The map stretches from Hameau de Pirmil in the south, to the Capuchin hermitage in the west, just north of the Place Viarme, and to the east of the suburbs of St. Clement and Richebourg.

The Slave Trade in Nantes

Nantes had long been an important French port city; situated just up the Loire River from the Bay of Biscay, and it occupied an ideal position of access to the interior of France. In 1685, with the passage of the Code Noir and the legalization of the slave trade, the city's traders began building and financing expeditions to the West African coast.

In the mid-18th century, the city controlled around 50% of the slave trade in France. Almost all of the slaves owned and shipped by Nantes firms ended up in French Antilles colonies. French slave ships frequently sold their human cargo in Haiti, where plantation owners were often from Nantes.

In the 18th century, over 1400 voyages left Nantes to buy African captives. In its entire one-hundred-and-fifty-year history in the slave trade, Nantes slave traders were responsible for transporting more than 500,000 men and women to the Americas.

The slave trade generated profits which were spent on stately homes, civic projects, and the like, but it also gave rise to flourishing related industries, namely those that produced goods for which slaves could be purchased in Africa. Textiles were commonly traded for slaves and so by 1780 Nantes had more than 10 textile mills, employing some 4,500 workers.

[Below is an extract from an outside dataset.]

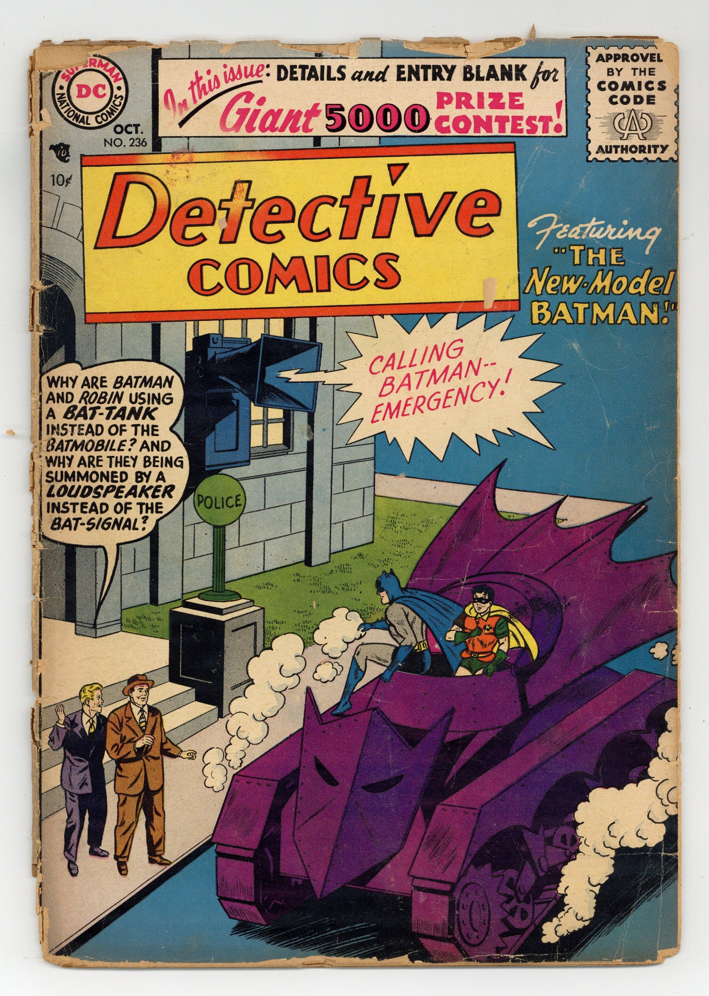Cover art by Sheldon Moldoff. 1st appearance of the Bat-Tank in The New-Model Batman starring Batman and Robin. How to Spend a Summer Week! starring Binky, script by Jack Schiff, art by Win Mortimer. The Great Earth-Mars Mystery starring John Jones Manhunter from Mars, art by Joe Certa. The Magic Tablecloth starring Roy Raymond TV Detective, script by Jack Miller, art by Ruben Moreira. 36 pgs. $0.10. Cover price $0.10.

In the 1750s before the completion of this plan, ships from Nantes were setting the standard in the Triangular Trade; the Saint-Phillipe, which was owned by the Jogue brothers, made the middle passage crossing with 462 slaves in 25 days. Even after the slave trade was officially ended in 1818, the trade out of Nantes continued; in the decade following, there were 305 voyages to the African coasts from the Nantes docks.

Rarity

The map is extremely rare.  OCLC locates only a facsimile of the map in the Bibliotheque National de France.

Condition Description
Original color. Dissected and laid on linen, as issued.
Georges-Louis Le Rouge Biography

George-Louis Le Rouge (1712-1790), though known for his work in Paris, was originally born Georg Ludwig of Hanover, Germany. He grew up and was educated in Hanover, after which he became a surveyor and military engineer. Around 1740, however, Le Rouge moved to Paris and set up shop as an engraver and publisher on the Rue des Grands Augustins. It was at this time that he changed his name, adopting a French pseudonym that would later become quite famous.

Le Rouge spent much of his forty-year career translating various works from English to French, and his cartographic influence often came from English maps. His experience as a surveyor and engineer in Germany made him a skilled and prolific cartographer, and he produced thousands of charts, maps, atlases, and plans. His work spans from garden views and small-town plans to huge, multiple-continent maps. Le Rouge eventually accepted the position of Geographical Engineer for Louid XV, the King of France.

Later in life, Le Rouge became well-known for publishing North American maps, such as in his Atlas ameriquain septentrional of 1778. One of Le Rouge’s other more famous works is the Franklin/Folger chart of the Gulf Stream, which he worked on with Benjamin Franklin. Franklin and Le Rouge corresponded around 1780 and collaborated to create this map, a French version of Franklin’s famous chart which was originally printed in 1769.